In terms of Ind AS 36 - Impairment of Assets issued by ICAI, the management has reviewed its fixed assets and arrived at the conclusion that impairment loss which is difference between the carrying amount and recoverable value of assets, was not material and hence no provision is required to be made.

Note No. 14

As permitted by CERC & GERC (Regulating authorities), the company has opted for purchase of power through approved Power exchange which has resulted in to gain of Rs. 4.37 Lakhs (Previous year Rs. 27.88 Lakhs) and power & fuel expenses are reduced to that extent.

Note No. 15 - First time adoption of Ind AS

The company has prepared its first Financial Statements in accordance with Ind AS for the year ended March 31, 2018. For periods up to and including the year ended 31 March 2017, the Company prepared its financial statements in accordance with Indian GAAP including accounting standards notified under the Companies (Accounting Standards) Rules, 2006 (as amended). The effective date for Company’s Ind AS Opening Balance Sheet is 1 April 2016 (the date of transition to Ind AS).

The accounting policies set out in Note 1 have been applied in preparing the financial statements for the year ended March 31, 2018, the comparative information presented in these financial statements for the year ended March 31, 2017 and in the preparation of an opening Ind AS Balance Sheet at April 01, 2016 (the Company’s date of transition). According to Ind AS 101, the first Ind AS Financial Statements must use recognition and measurement principles that are based on standards and interpretations that are effective at March 31, 2018, the date of first time preparation of Financial Statements according to Ind AS. These accounting principles and measurement principles must be applied retrospectively to the date of transition to Ind AS and for all periods presented within the first Ind AS Financial Statements.

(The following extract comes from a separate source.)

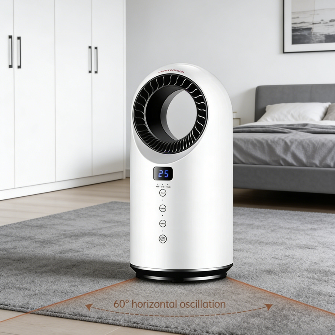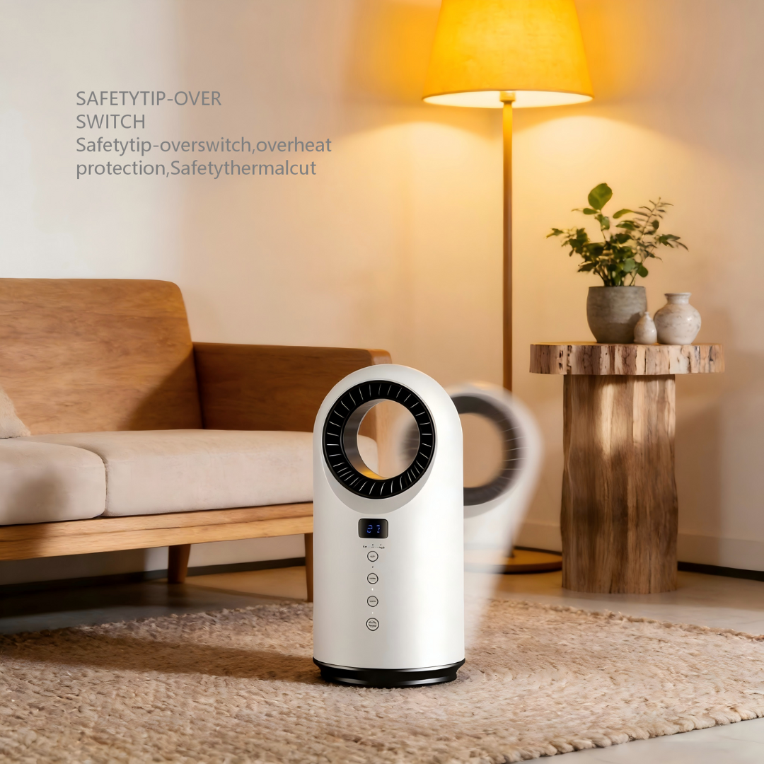 The vortex turbine fan system pushes heated air outward in a steady, wide flow, evenly distributing warmth throughout the room and eliminating cold spots.

Any resulting differences between carrying amounts of assets and liabilities according to Ind AS 101 as of April 01, 2016 compared with those presented in the Indian GAAP Balance Sheet as of March 31, 2016, were recognized in equity under retained earnings within the Ind AS Balance Sheet.

Note No. 16.1 - Exemption and exceptions availed:

Ind AS optional exemptions

Ind AS 101 permits a first-time adopter to elect to continue with the carrying value for all of its property, plant and equipment as recognized in the financial statements as at the date of transition to Ind AS, measured as per the previous GAAP and use that as its deemed cost as at the date of transition. This exemption can also be used for intangible assets covered by Ind AS 38 Intangible Assets. Accordingly, the Company has elected to measure all of its property, plant and equipment and intangible assets at their previous GAAP carrying value.

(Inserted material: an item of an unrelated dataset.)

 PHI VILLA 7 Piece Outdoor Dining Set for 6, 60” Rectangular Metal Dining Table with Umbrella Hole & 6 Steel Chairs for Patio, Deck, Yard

IND AS mandatory exceptions:

An entity’s estimates in accordance with Ind AS at the date of transition to Ind AS shall be consistent with estimates made for the same date in accordance with previous GAAP (after adjustments to reflect any difference in accounting policies), unless there is objective evidence that those estimates were in error. Ind AS estimates as at 1 April 2016 are consistent with the estimates as at the same date made in conformity with previous GAAP.

Note No. 16.2 - Explanatory notes to the transaction from previous GAAP to Ind AS

a) Proposed Dividend

In the financial statements prepared under Previous GAAP, dividend on equity shares recommended by the board of directors after the end of reporting period but before the financial statements were approved for issue, was recognised as a liability in the financial statements in the reporting period relating to which dividend was proposed. Under Ind AS, such dividend is recognised in the reporting period in which the same is approved by the members in a general meeting.

b) Other comprehensive income:

Under Indian GAAP, the Company has not presented other comprehensive income (OCI) separately. Hence, it has reconciled Indian GAAP Statement of Profit and loss to Statement of Profit and loss as per Ind AS. Further, Indian GAAP Statement of Profit and loss is reconciled to total comprehensive income as per Ind AS.